# How do you get such close-ups photos?



## stonedwoodsman (Apr 25, 2013)

High Group,

     I use an 'old school' Canon A-1, 35mm, FILM :holysheep:     camera, as I don't have a Digital camera.
  I can't afford a new Digital camera, I'm just a poor ole Pot Farmer..
I always take photos of my beautiful plants, when they flower.
All the photos that I see here, and in High Times mag, are all soooo very close-ups of a bud.
  Short of a microscope, just HOW can I 'get in there', and get so close?
I use a Canon 28-80mm zoom lense, w/macro capability, but even then, I can't get so close.
  So, what do I need?  (Those little srcew-in additive filters, 'close up kit', etc!

Help me out here folks!

420 to all &Thankx!

stonedwoodsman in CT   :icon_smile:


----------



## The Hemp Goddess (Apr 25, 2013)

I am no help with an old 35mm.  However, digital cameras are cheaper than you might think.  And what is film and developing costing you?  I would also be scared to take film in to be developed that showed an illegal activity.  I live on an incredibly small amount of money also, but money-wise, a digital camera is going to be a huge savings over buying film and paying for developing.


----------



## key2life (Apr 25, 2013)

Your 28-80 zoom has "macro-focusing" capability, which is different than true macro.  It's probably a 1:4 or 1:5 - meaning if you take a picture of a coin, or a bud, it'll be 1/4th or 1/5 life size on the negative, then you have to blow it up, where you'll lose sharpness and it'll get grainy.  A true macro lens is 1:1, meaning the coin, or bud, is life sized on the negative, so it can be blown up to a large size without losing so much sharpness and resolution.

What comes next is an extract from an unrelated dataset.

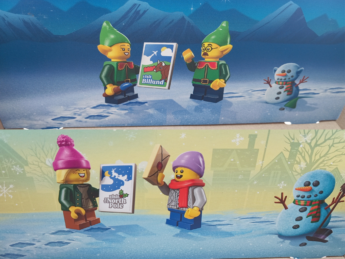А вот то самое окошко из почты, которое поставило меня в тупик из первой части. Теперь понятен механизм круговорота подарков. Дети несут письма на почту, откуда они передаются в службу доставки. Видимо, минуя магазин и мастерскую. Или же один и эльфов успевает отнести письмо в мастерскую, до того как подарки будут погружены в сани. А может все гораздо проще, и эльфы получая письма несут их на санях в мастерскую, откуда изготовленные подарки попадают в магазин, где их детям дарят? Тогда и мешок в санях наполнен конвертами, а не коробками с подарками. Это объясняет, почему сани в наборе не такие большие, как хотелось бы

I agree with THG - She's right about the cost of buying and developing film - then you have to scan the prints, too.  I'm taking my pics with a hundred dollar digital point and shoot, and they come out great.   They all have a macro feature that allows very close focusing, and then you can blow them up, crop them, resize them, whatever you want in a freeware photo software program - I use Fast Stone (ha!) for no cost at all.  The new digital point and shoots have such a high megapixel count that you can achieve the same results as if you're using extremely high quality SLR or DLR lenses, and I got a bag of 'em.

Here's a couple of quick pics with the hundred dollar point and shoot.

You don't have to break the bank to get some sweet pics!

Good Luck, and happy shooting!

Peace,

:icon_smile: key :icon_smile:


----------